Something For The Weekend: The Bad Bad Place By Hine And Stafford Reviewed

by Olly MacNamee

Something for the Weekend returns after a rather long hiatus, but now it’s back, each weekend we’ll be we’ll be looking at a new graphic novel for your consideration and in this first we look at David Hine and Mark Stafford’s very British horror, The Bad Bad Place. 
When a gothic Victorian mansion appears out of nowhere, it never bodes well for anyone, and so it is with the community of Faraway Hills. But, as you can imagine, this is only the start of this macabre tale, originally serialised in the magazine Meanwhile. 
Collected now by Soaring Penguin, and presented in hardback, The Bad Bad Place – like their previous collaboration, Lip Hook – is very much seeped in the traditions and tropes of British horror; from M R James right through to Hammer House of Horror and beyond. But, it also has a strong stench of H P Lovecraft running right through it’s centre too, with creepy and slimy multi-tentacled creatures crawling from many a page as the story progresses and we learn more about the occupants of Castavette House; the aforementioned Victorian pile that appears out of nowhere to cast more than just a shadow over the local community. As you can tell from the name of the family home, even the names of many of the cast are a nod to horror classics from the past. There’s plenty of Easter eggs to keep horror fans happy as they pour through this episodic recount of the mystery that is the Castavette family and their house of horrors. But, even with all that taken into account, this is very much David Hiena dn Mark Stafford’s baby, even if that baby looks like a defined, demented demon-child. 

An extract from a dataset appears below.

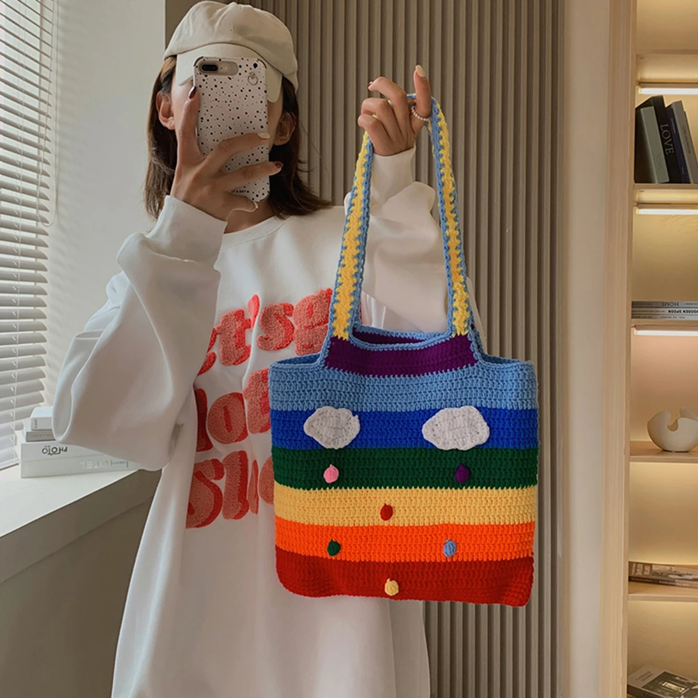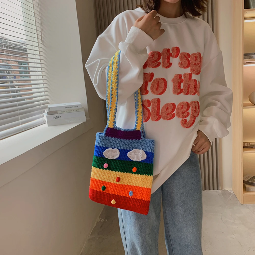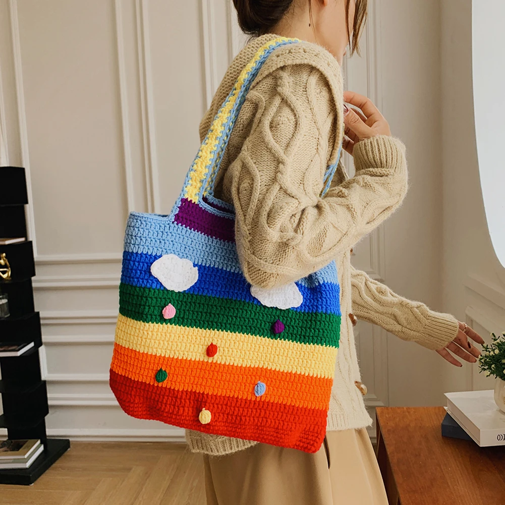 Радужная красочная сумка через плечо, Модная вязаная полосатая Сумочка, Женская Повседневная Большая вместительная Фотосумка, горячая рас...

We open up, firstly, with the strange sight of an ancient town crier – a very Bristish tradition, trust me – regaled in soiled and an out-of-place outfit that immediately draws attention to him. We soon learn that Faraway Hills has been deserted for a good while, and the reason behind this are soon explained by Ned Trench, the teen crier. It would seem that the Castavette Estate has more than its fair share of secrets and a pull on the local townsfolk that is fatal. Furthermore, the sterile new town of Faraway Hills is not all it seems; with the previous settlement better known as Crouch Heath, but cemented over many years ago. Unfortunately, they couldn’t cover up the dark history of the area forever. 
As the secrets of the Castavette family are spilled from the lips of Old Ned to a returning denizen of faraway Hills, Jenny – our eyes and ears in this story – the creeping sense of dread quickly draws over events. What are Ned’s own links to this family, and what of the Casavette matriarch, who over the course of the recounting of her story becomes more and more the mad-woman-in-the-attic, but even more so, as she transformed and mutates into the embodiment of bile and revenge; spewing out deformed and deranged offspring that only a mother could love? And, what is the strange pull this house has over the town; drawing each person in like the sirens of Greek mythology calling sailors to their deaths, offering them the promise of their heart’s desire, or so they think. 

Once again, Stafford presents the reader with a grandiose and grotesque, as he revels on the twisted deformities of the beastly menagerie on show throughout this joyfully gruesome book; each beastly creation more shocking than the last. Clearly a fan of the horror genre, Stafford and Hine have given us a great accompanying volume to last year’s Lip Hook, and while this isn’t strictly speaking a folk horror, it certainly set in enough of a remote area to feel as though it is a not-too-distant cousin either. I’d like to think that Faraway Hills is juts up the road from Lip Hook in abc ever increasingly weird world of Hine and Stafford’s imaginations. 
But, beyond the macabre and downright frightening, there’s love and sacrifice, and tragedy too. There’s even a happy ending, of sorts. But, ahead of that, there’s the horror; framed in the same dark humour I’ve come to expect whenever these two creators get together. All in all, this is a great book for fans of classic gothic horror. And, while ghost stories at Christmas have waned as a popular form of entertainment come the Yuletide, this would be a welcome gift in many a reader’s stocking this Holiday season.